Not a bee then? a Furry Dronefly!

Four consecutive days of wall-to-wall sunshine should have reminded me that the spring equinox – not the boring Met Office one but the proper mobile one – isn’t always on the same day. So we missed it entirely while we worked on the allotment. When I was a schoolboy I was invariably referred to by one teacher as “rod pole or perch” – an ancient system of length measurement which lingered on the back of our exercise books along with acres, chains and gills. Equinox is at least based on an observable measure – the day nearest to offering an equality of time between night and day. Easter, of course does its thing based on a 13 month moon cycle defying all logic and creating great hazard for those who always plant their potatoes on Good Friday. I love it: the sheer irrationality of it all defying the tidiers-up makes me smile.

Anyway we were so busy on the allotment that the equinox passed us by and bang on time I’m driven back to the same old question – why is nature so good for us that it distracts us even from marking the (old) beginning of spring? After the winter we’ve had, I can’t begin to say how lovely it’s been to feel the sun on our backs at last. Coming back home every day with our muscles aching and fingers creaking you might think a bit counterintuitive to make a fuss about it. But the allotment offers one small part of our lives over which we have almost complete agency. In an existence filled with expectations from every quarter; bills; health problems and you name it – the allotment is an oasis in which we get to choose what to do without having to bend to the cold winds of authority. There are rules of course but they’re mostly common sense and neighbourliness. Nobody pays any attention to the daft rules about the permitted colour of sheds and the precise percentage of flowers to veg that must be adhered to, and as any Welsh poet will say; rules are the primrose path to creativity.

Anyway, the business of agency is a key concept for achieving eudaimonia – true, deep, happiness. We spent a lot of time this week planning how to move the compost bins and turn them into raised beds, how to move two water butts from one optimal position to another even optimal-er one. We ordered our seeds, decided our priorities and prepared beds for sowing and planting out in the next few weeks. Each day we felt that little bit stronger and we thanked the weather gods for their generosity as we always must.

Being perpetually hard-up we are free from fantasising about machinery and fencing to keep out badgers and people. Every bit of mulch has to be planned and transported down the bumpy path and, expecting the weather to be unexpected much of the time, we develop a kind of radical patience thanking nature for her unexpectedly generous lessons. The bee at the top for instance is not a bee at all but a fly; a dronefly- in fact a Furry Dronefly. I’m not an entomologist but a handy app on my phone helps me to sound cleverer than I really am. “Shame on you” cry the gathered deacons with their withered knowledge and multiple imagination-sucking certainties. But I’ve got other things, better things to do – like learning Welsh and cooking lovely meals and so I’m content to make an assisted guess now and again.

Bye By Brook – finding the well

By brook at Slaughterford

We’re not done with you yet sir

Last Friday I got yet another message from the hospital requiring an urgent phone consultation on Tuesday regarding a test I’d failed miserably.
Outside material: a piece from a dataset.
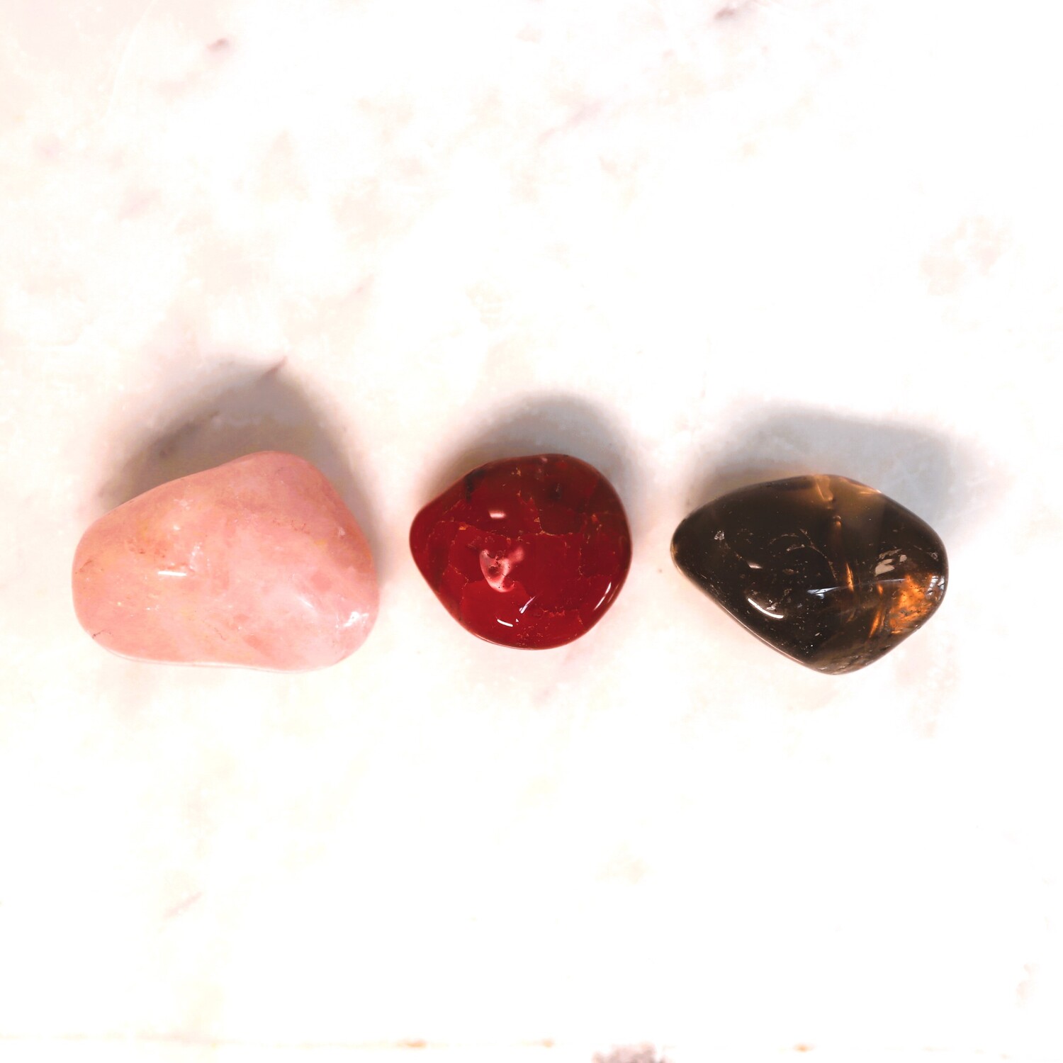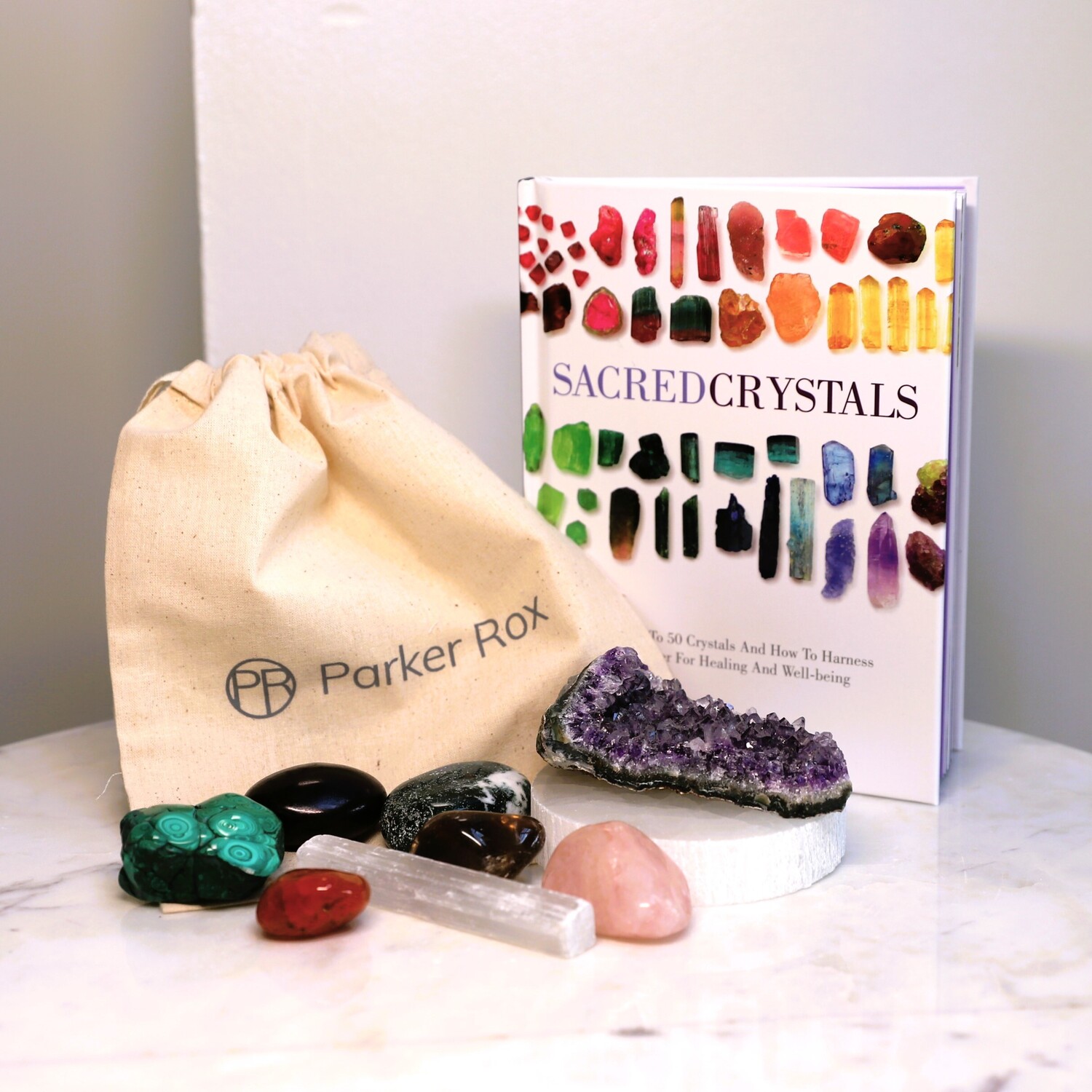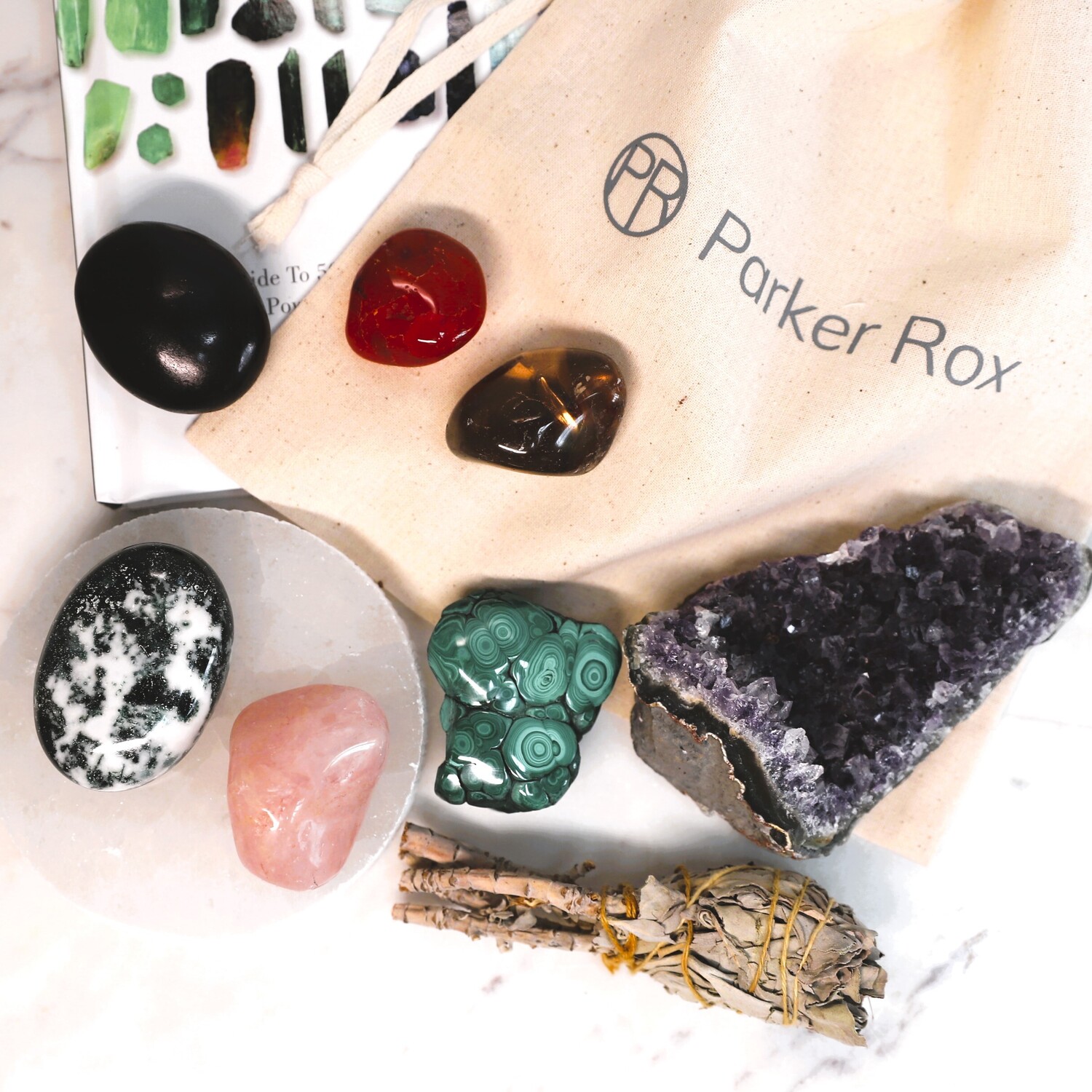9 Crystals: 1 x Black Tourmaline palm stone, 1 x Green Moss Agate palm stone, 1 x Carnelian tumble stone, 1 x Rose Quartz tumble stone, 1 x Smoky Quartz tumble stone, 1 x Malachite free-form piece, 1 x Selenite charging plate, 1 x Amethyst Cluster, 1 x Selenite rod.

I imagined a large number of health professionals rushing to the red phone. to deal with my case. I’ve soaked up an incredible amount of NHS time in the last six months and I’m so grateful for it. It’s an odd privilege to be fast tracked twice in a month on suspicion of completely different cancers but I’ve noticed that the doctors are constantly changing and often poorly prepared for our encounters, and so there’s never time for them to sit back and observe, chat, prod – all the things that I know from long experience are essential to drill down to the heart of the problem. But, being retired, have got time to explore and read the NICE guidance about the drugs which I’ve been prescribed and I know that some of the problems I experience are actually caused by them. They’re called iatrogenic symptoms – caused – if you like – by the very medications that are supposed to keep me well.

Time is possibly the greatest unused skill in the caring profession. I’ve never forgotten a pastoral conversation with an oncologist who was being broken by his workload, and who told me that at its worst his first thought when a patient came into the room was how can I get rid of this person? He wasn’t bad or lazy, just exhausted, burnt out and lost. There was never enough time to listen deeply to the person in front of him When I was running writers’ groups I got very used to the back pocket poet syndrome. Someone would sit silently in the class for an hour, too shy often to make a contribution and then they would produce a crumpled sheet of paper just as they were leaving. Such contributions were often very good.

Smiling, or being smiled at by strangers is a rare treat in a paranoid world.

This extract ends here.